Have a Look Around Raaka, a New Chocolate Factory Open in Red Hook
All photos by Rob Christensen
We are, admittedly, suckers for behind-the-scenes tours, but Raaka (64 Seabring Street, Brooklyn; 855-255-3354), a bean-to-bar chocolatier that just opened a factory in Red Hook, really captured our imagination -- we have not stopped talking about chocolate since we traipsed around the facility last week. (Seriously -- just ask our friends, who just want to talk about the NFL's domestic violence scandals or the ebola crisis and instead are subjected to an unrelenting stream of consciousness about how chocolate is totally the next coffee.) So if you are at all interested in how things are made -- or if you want to eat some really good vegan chocolate -- you should head out to this place. It'll be worth your time.
Ryan Cheney, left, and Max Hodge
Raaka was founded by Ryan Cheney, who fell in love with chocolate during a yoga retreat, when he saw a presentation about aphrodisiac raw chocolates. Back in the States, he sampled his way through the raw chocolates he found in vegan shops, but found them lacking -- these crumbly specimens were not the complex treats he'd had abroad -- and he thought he could do better. He began experimenting in his own home, first using easy techniques that yielded mediocre results, and then grinding his own cacao beans -- no easy feat in a New York City apartment -- because it significantly enhanced the quality of the final product. He eventually brought on chocolate-maker Nate Hodge to help suss out the recipe, and the pair experimented relentlessly, converting Hodge's Bushwick bedroom into a space to make chocolate.

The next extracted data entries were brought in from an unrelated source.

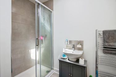 The high-spec shower room comprises a shower cubicle, hand basin, WC, and a heated towel rail, finished to a contemporary standard.
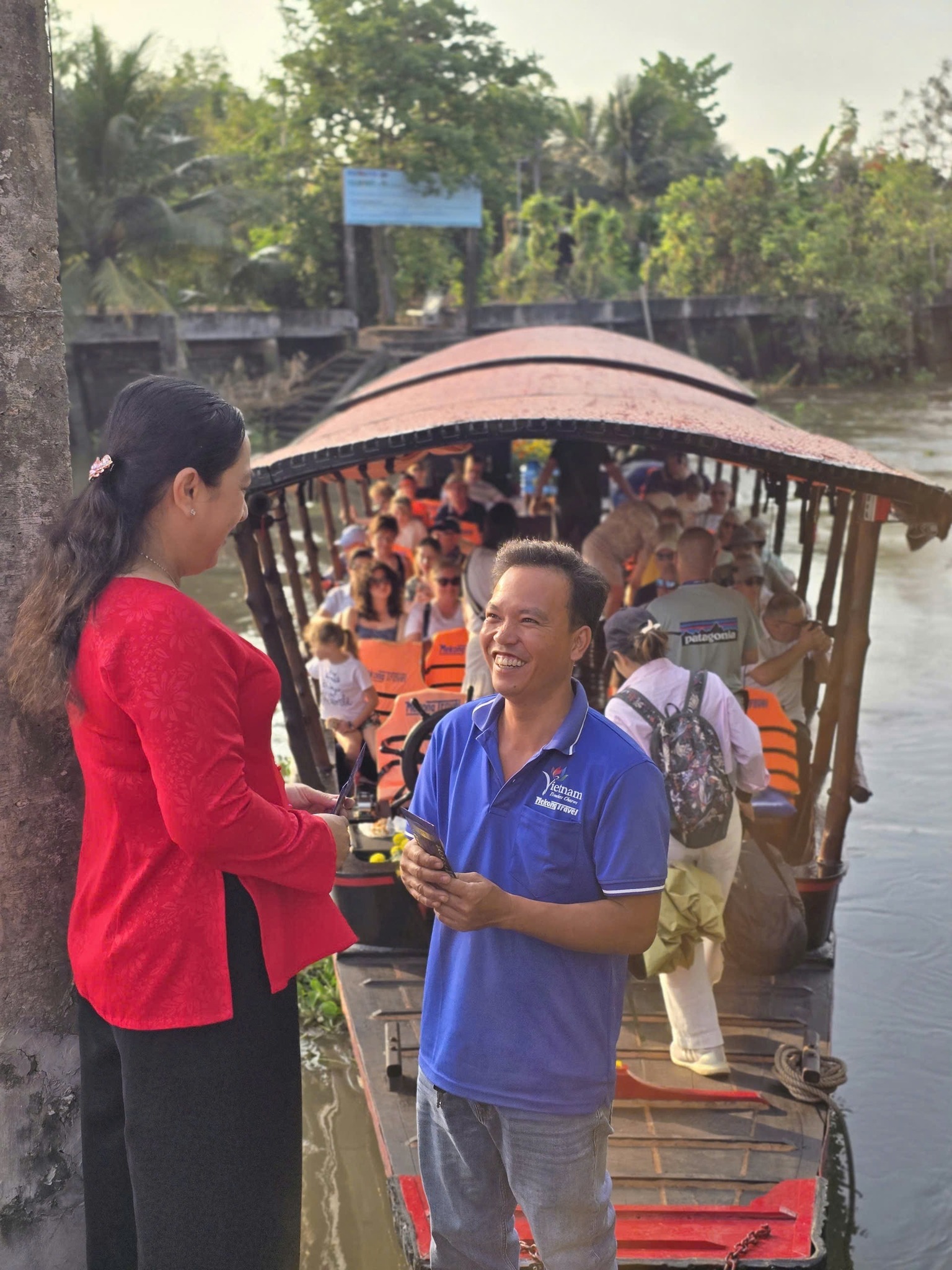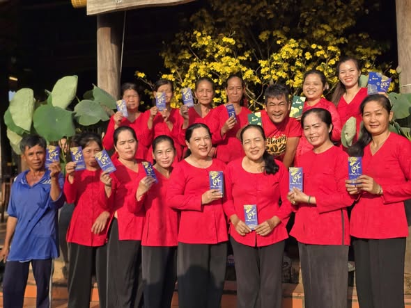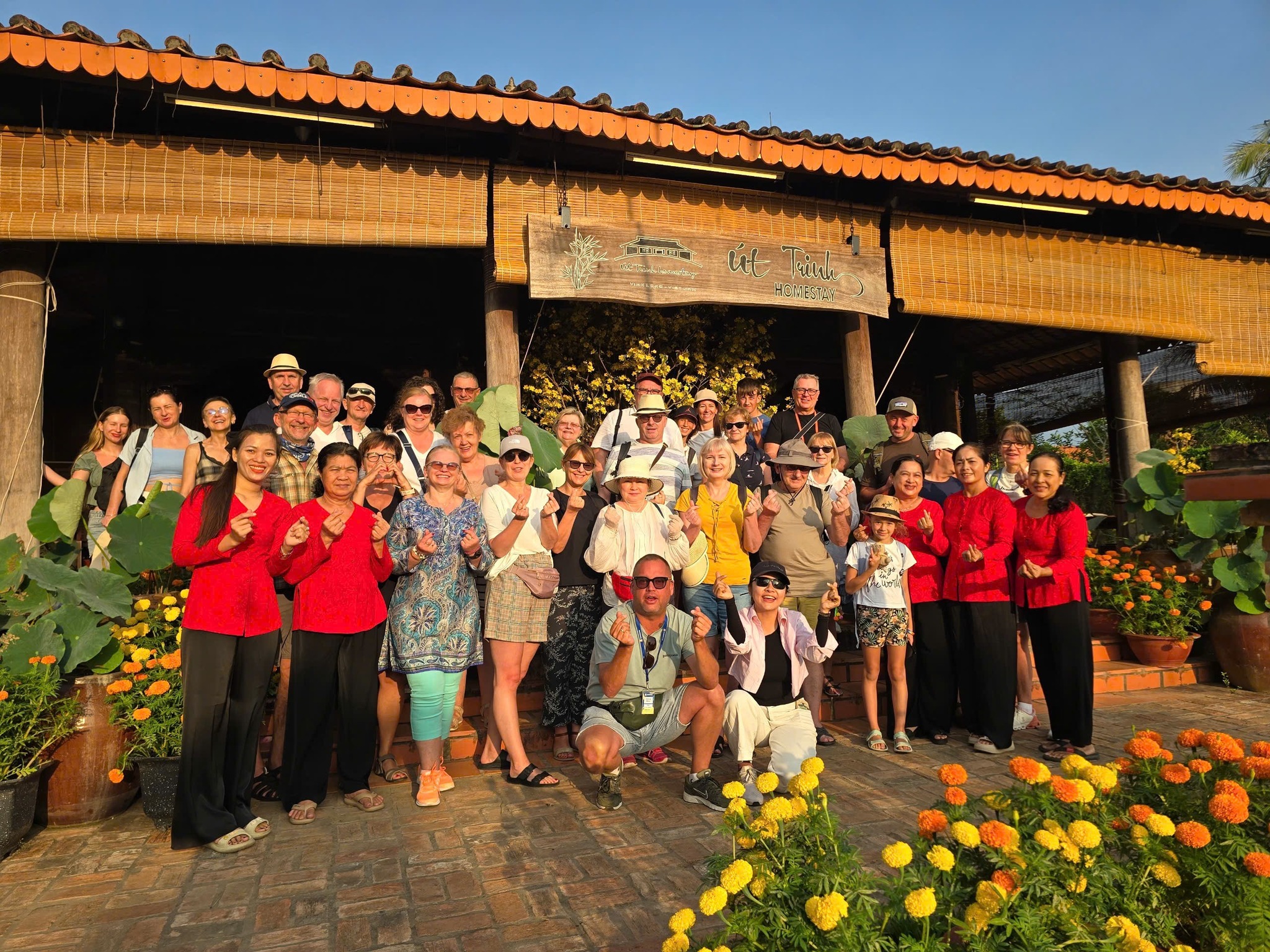Team Homestay Út Trinh đỏ rực ra tiễn nhóm khách ngủ Nhà Út Quỳnh đêm qua đã đón giao thừa với gia đình Út Trinh.
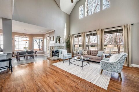 Located a few blocks away from the charm of the Van Alstyne downtown historical district, this home provides walking distance to boutiques, restaurants, concerts, Farmer's Market and buzzing local activities all year long. With a combination of freshly updated exteriors, a well laid out floorplan and backyard just waiting to entertain, this home has it all! The covered front porch and mature shade trees and landscaping offer curb appeal and charm. The entry way feels open and light as it presents the truest form of open concept living. Soaring ceilings, natural lighting and connection to all of the main gathering spaces make this living space both functional and visually appealing. The dining nook is conveniently located off of the kitchen and living space for entertaining and gathering. The kitchen has a butcher block island for meal prep space and additional storage. There is ample cabinet and counter space for all of your culinary needs, as well as a walk in pantry for convenience a
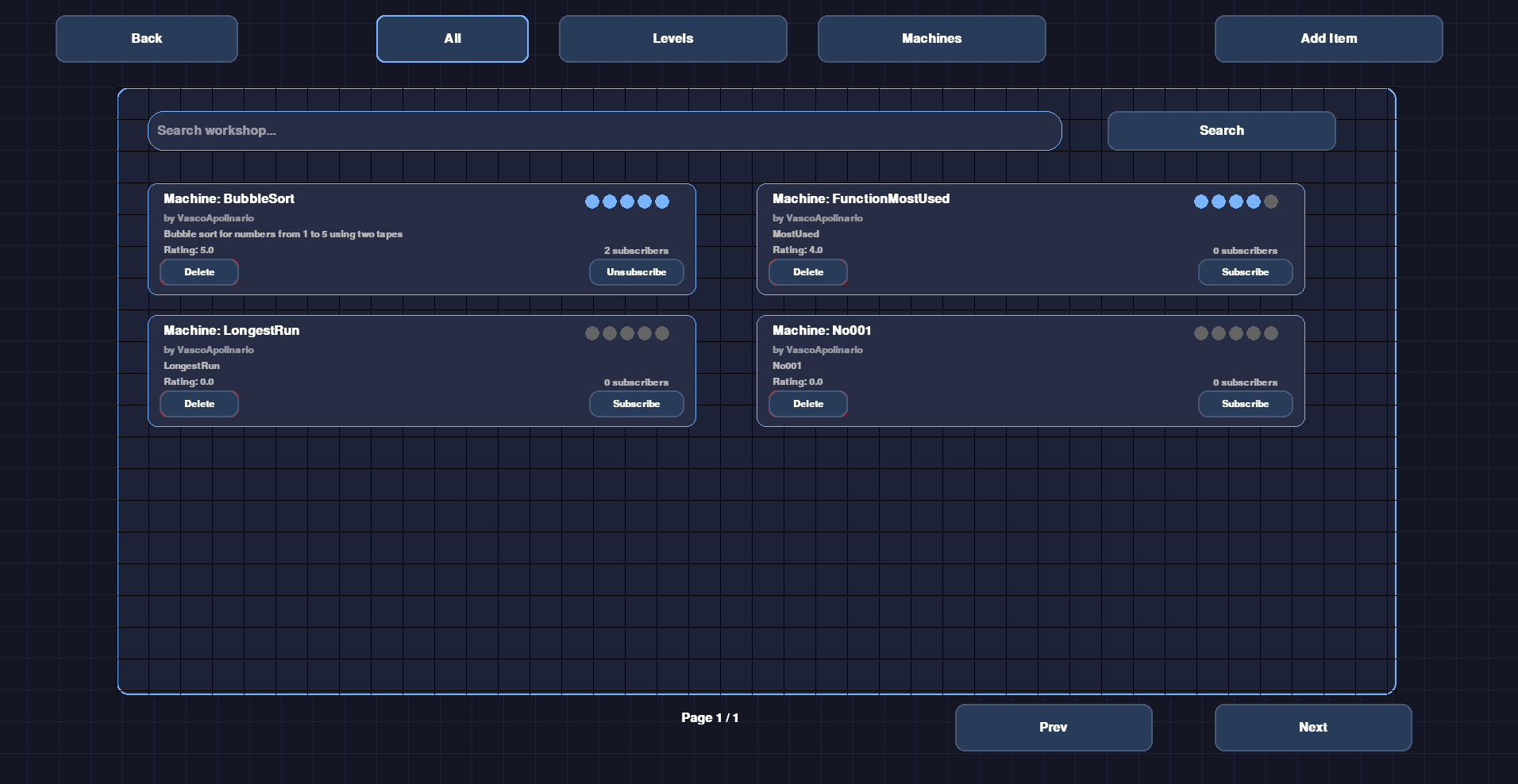 - Workshop support for sharing levels/machines
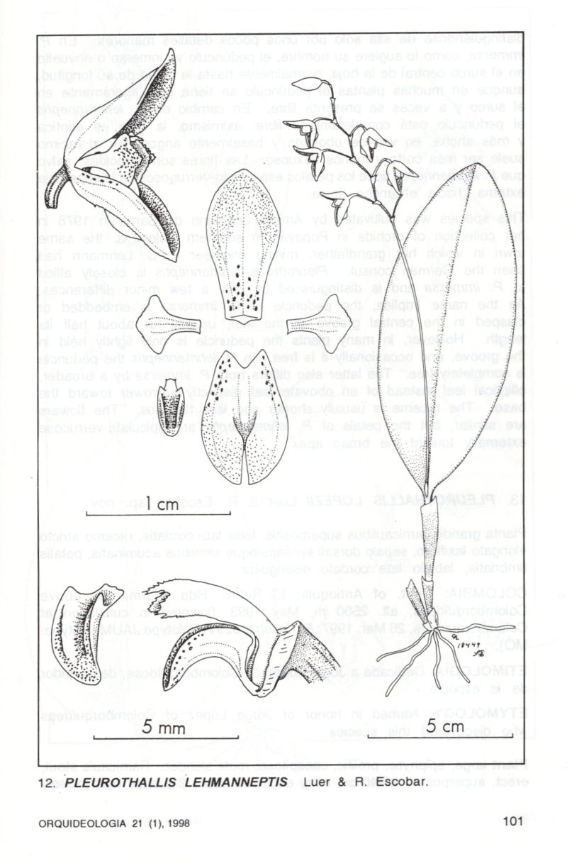 References W3 Tropicos, Kew Monocot list , IPNI ; *Orquideología Vol 21 #1 Luer & Escobar 1998 drawing fide; Native Colombian Orchids Vol 3 COS 1991 as P immersa photo fide; Native Colombian Orchids Vol 6 COS 1998 errata = P lehmanneptis; Icones Pleurothallidinarum Vol XX Luer 2000 Luer Drawing fide; Lindleyana Vol 16 No 4 2001 as Stelis lehmanneptis; Icones Pleurothallidinarum Vol XXVI Luer 2004 as Specklinia lehmanneptis; Icones Pleurothallidinarum Vol XXIX Luer 2007 as Effusiella lehmaneptis

Cheney and Hodge make bean-to-bar chocolate, which means they skip roasting the beans, a step that often comes after the cacao is picked and left to ferment. As with coffee, roasting lends its own flavor to chocolate, and the darker the roast, the less you can taste of a bean's nuances. Without roasting, picking a solid supplier becomes infinitely more important, because suppliers handle fermentation, too -- and that's where all the flavor of an unroasted bean comes from. Hodge says the future of chocolate is likely headed toward having control over this part of the process, but for now, makers trust their farms.
And consistency in flavor profile is not the only reason big producers like to roast -- cacao beans have to be winnowed (or shelled from their pods) before they're ground; roasting first makes that easier, because the heat puffs the shell off.

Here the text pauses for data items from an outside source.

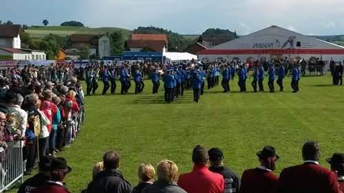 Showelemente wie ein Doppelstern mit unterschiedlichen Bewegungen, ein Karo, folgend ein Quadrat welches sich in ein V bis zum X und zum Abschluss in zwei gegenüberliegende Linien auflöste, Eindrucksvoll bewegten sich diese aufeinander zu und der Ausmarsch begleitet vom Reinermarsch folgte.
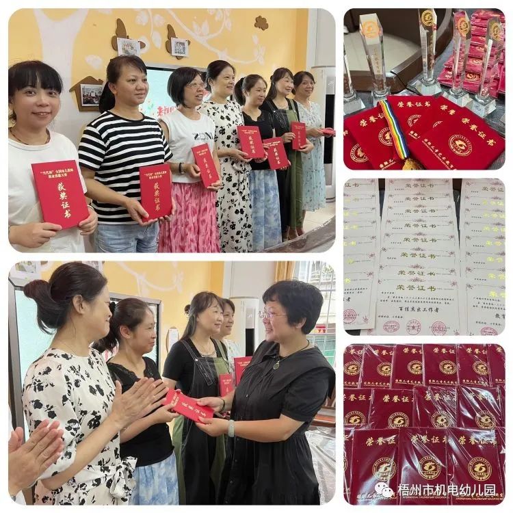 园领导为获得论文评比、城区及市级优秀教师的老师颁发荣誉证书。
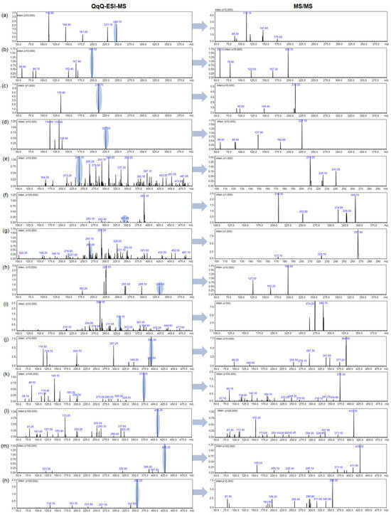 QqQ–ESI–MS and MS/MS spectra of following bisphenols residues detected in pericardial fluid samples: (a) BPS (m/z = 249), (b) BPF (m/z = 199), (c) BPE (m/z = 213), (d) BPA (m/z = 227), (e) BPB (m/z = 241), (f) BPP (m/z = 345), (g) BPZ (m/z = 267), (h) BPAF (m/z = 335), (i) BPAP (m/z = 335), (j) BADGE•2H2O (m/z = 394), (k) BADGE•H2O (m/z = 376), (l) BADGE•H2O•HCl (m/z = 412), (m) BADGE•2HCl (m/z = 430), and (n) BADGE (m/z = 358).
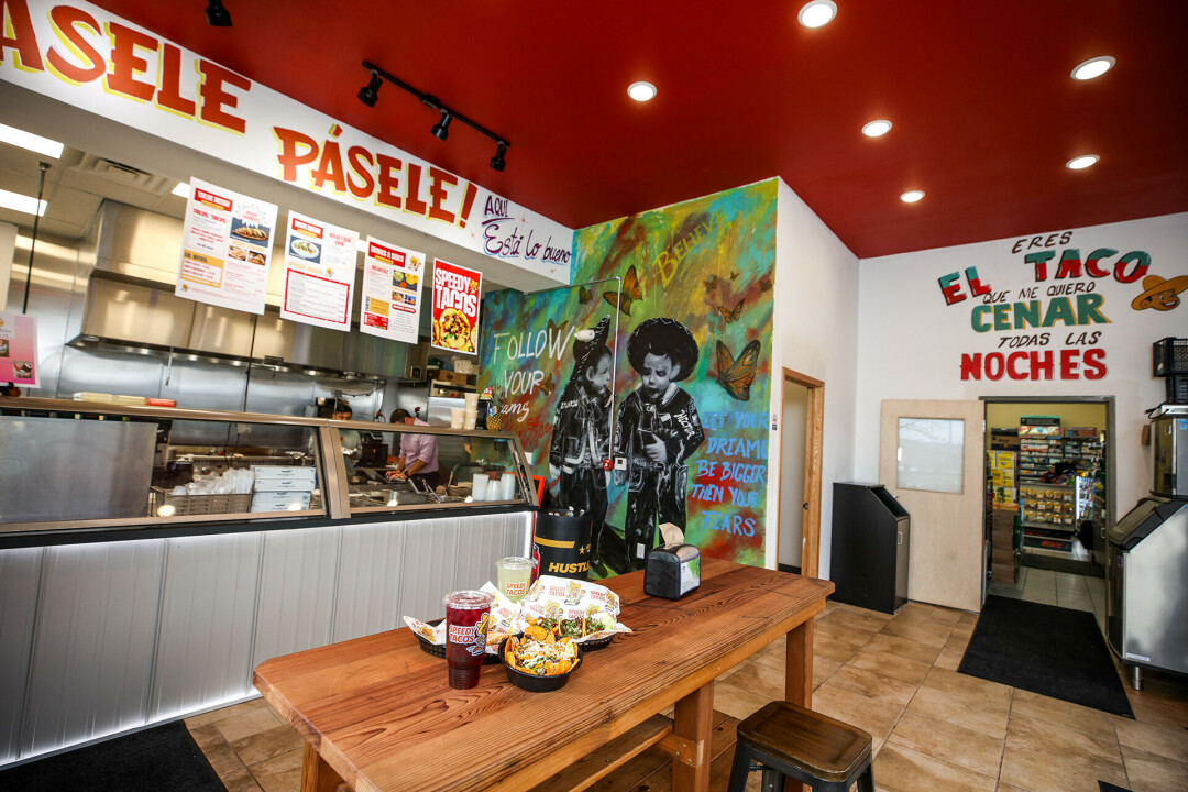 On the “Speedy Tacos” side folks can order grub to go or take a seat inside, while the right side of the building houses convenience store goods.
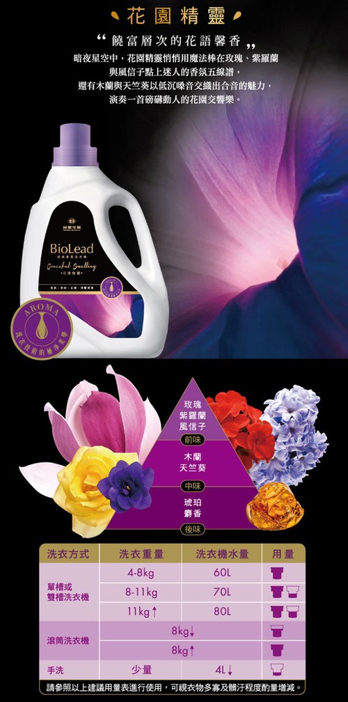 品名:BioLead經典香氛洗衣精補充包 花園精靈1.8kg 製造商:台塑生醫科技股份有限公司 規格:1.8kg*3包 製造日期:標示於瓶身(月/日/年) 保存期限:3年 保存方式:請放置於乾燥陰涼處,避免陽光照射,如使用補充包,開封後請盡快倒入瓶裝,避免接觸空氣日久變質。
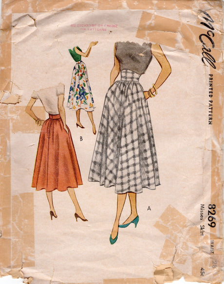 1950's McCall Flared Skirt Pattern with Straight or Raised Waistband - Waist 28" - no. 8269

Once the beans are winnowed, they go into special grinders; cocoa is tough, so it takes three days of constant grinding to get them smooth enough to pour into bars. Raaka adds minimal additional ingredients to that grind, though -- just some turbinado sugar and, perhaps, some coconut milk, if it's producing its version of milk chocolate (Raaka bars are vegan). And the mixture smooths out because of chocolate's fat content -- that's just cocoa butter lending moisture.
The chocolate is then poured into molds, accoutered, and quickly set before it's wrapped.
It's a fairly straightforward process, but Cheney and Hodge also experiment with a number of natural ways to flavor their bars, the most unique of which is pouring beans into a bourbon barrel before grinding so that they take on some of the flavors of whiskey. Hodge got the idea when he realized beans were picking up some unsavory scents in his apartment that were coming across in the flavor profile of the final product.
The guys often release their experimental bars as part of their subscription service (wherein subscribers get three bars of chocolate per month), and particularly popular flavors may eventually make it onto store shelves.
Your tour at Raaka will include a rundown of this process, full of visual aids and tastings. But you'll also get a wealth of insight into the chocolate industry at large, including a discussion of cocoa farming practices, information on the delicious cocoa pulp that surrounds the pods, and helpful hints for making chocolate at home.
And if you'd like to learn to do the latter, you can sign up for one of Raaka's three-hour classes, where you'll make your own bars, from grind to set, under Hodge's watchful eye.
Tours are $10, and classes are $55. You can book your trip to Raaka on the chocolate-maker's website.